The move created a sense of isolation for some and compounded problems for others who had off-duty challenges in addition to these new tasks. The same team was often assigned three funeral details a week. That meant they were frequently preparing for, conducting or returning from a funeral all week, each week.

“We learned that those funeral details are not necessarily maintaining unit integrity,” Kline said. The members were not well screened and the constant exposure to mourning and death didn’t help.

But the team does more than simply point out trouble spots. They work the process much like a unit commander would see on a combat training center rotation.

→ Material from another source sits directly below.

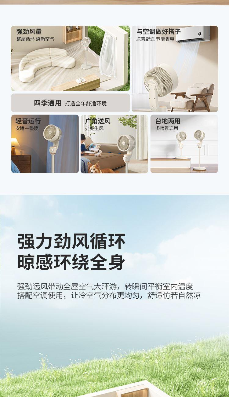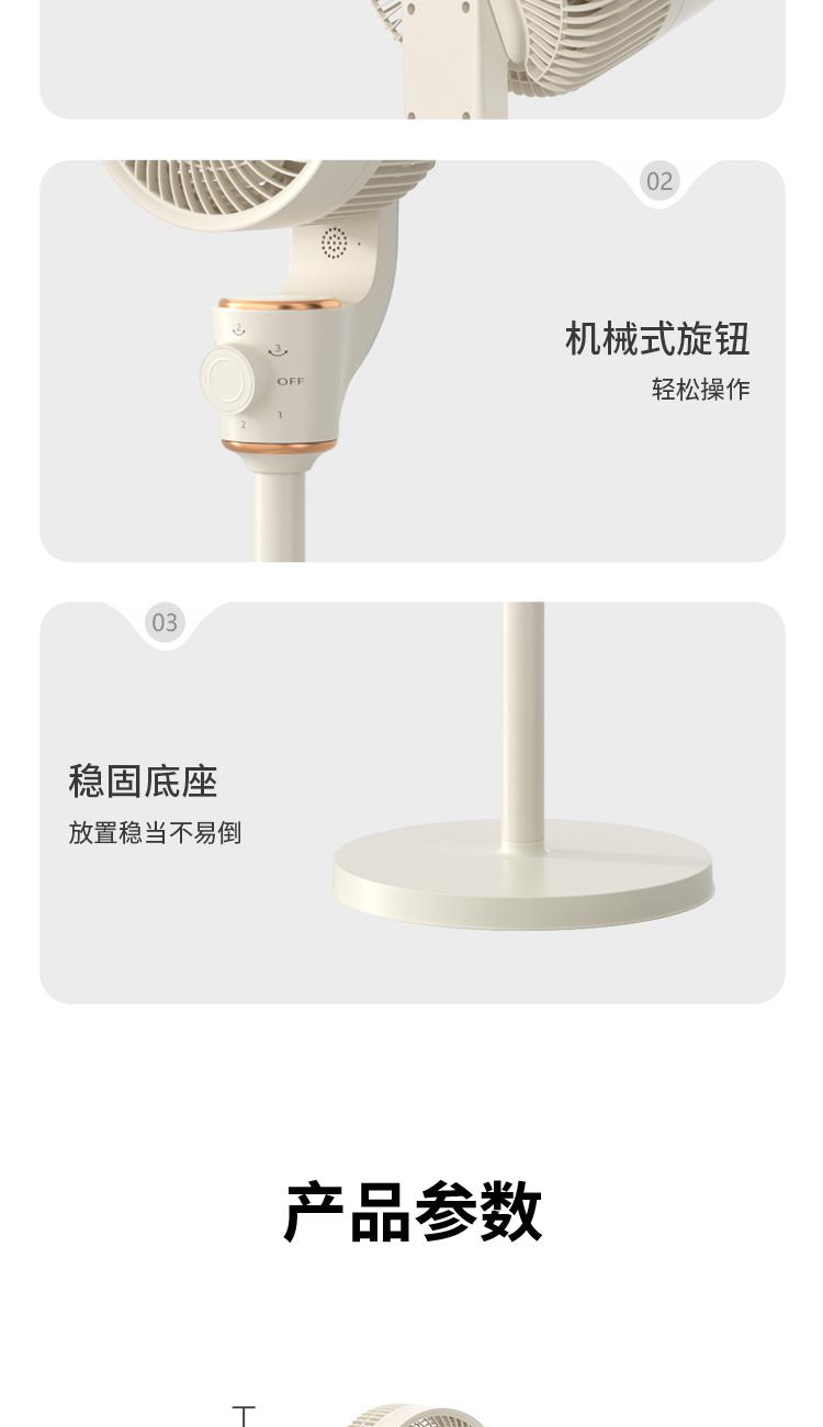 产品尺寸:330*330*1000mm 外箱尺寸:357*237*405mm 单台净重:2.33kg 单台毛重:2.9kg 操作模式:旋钮 69码:6975975071567 额定电压:220V~ 额定频率:50Hz 额定功率:30W_x005f 材质:PP+ABS 包装材料:邮购盒> 一机拆两机,台地、台式随意切换 > 三档风速设计, 满足不同清凉需求 > 120°左右自动摇头,上下90°手动调节 > 聚风筒导流强风,加速带动室内空气流动 > 三档精细风量,照顾每个家人体感舒适区

The CAT team operates as the observer-controllers do — pointing out flaws and watching as the unit formulates its own solutions, with some guidance.

Some commanders only have themselves and their senior staff in the meetings, others have brought in junior and senior enlisted to gauge their response to some of what the CAT team has discovered, Kline said.

The next steps break down a plan with the battalion commander, laying out what areas will be quick hits, meaning minor changes that could produce immediate results. That might mean conducting regular, unit-wide awards and decorations ceremonies consistently across ranks and formations.

The CAT team will also highlight areas that may take longer to change and require more work, such as improving communication.

Kline shared some results from a review of 3rd Brigade, 10th Mountain Division at Fort Johnson, Louisiana.

From the assessments, the command found that they needed to share assessment results with the unit, build support networks that included fellow unit commanders, chaplains, Holistic Health and Fitness cadre and other soldier-focused organizations.

The brigade then added in a series of changes, some of which included a Mountain Mentor Program that trained corporals, specialists and sergeants on leadership expertise, a “Patriot Standards Book” specific to the unit that laid out the expectations for soldiers in 3rd Brigade, the “Patriots.”

The unit also began airing monthly 15-minute “Patriot Points” through a YouTube video session.

One of the key trends in well-performing units is good communication, Kline said. Those units where soldiers had clear communication from both their command and across the formation had better measures of unit cohesion.

Effective communication also gave soldiers some predictability in their schedules. When they knew what they were doing day-to-day or week-to-week, it helped reduce family and work stress, he said.

The work goes beyond the CAT Team. The final step involves another team from the Walter Reed Army Institute Research, which visits the unit 90 days after the CAT Team to see what they’ve done to implement recommended changes.

Currently, the CAT Team has a six to eight-unit annual capacity, next year’s schedule is finalized and the 2025 schedule is under review, Kline said.

Todd South has written about crime, courts, government and the military for multiple publications since 2004 and was named a 2014 Pulitzer finalist for a co-written project on witness intimidation. Todd is a Marine veteran of the Iraq War.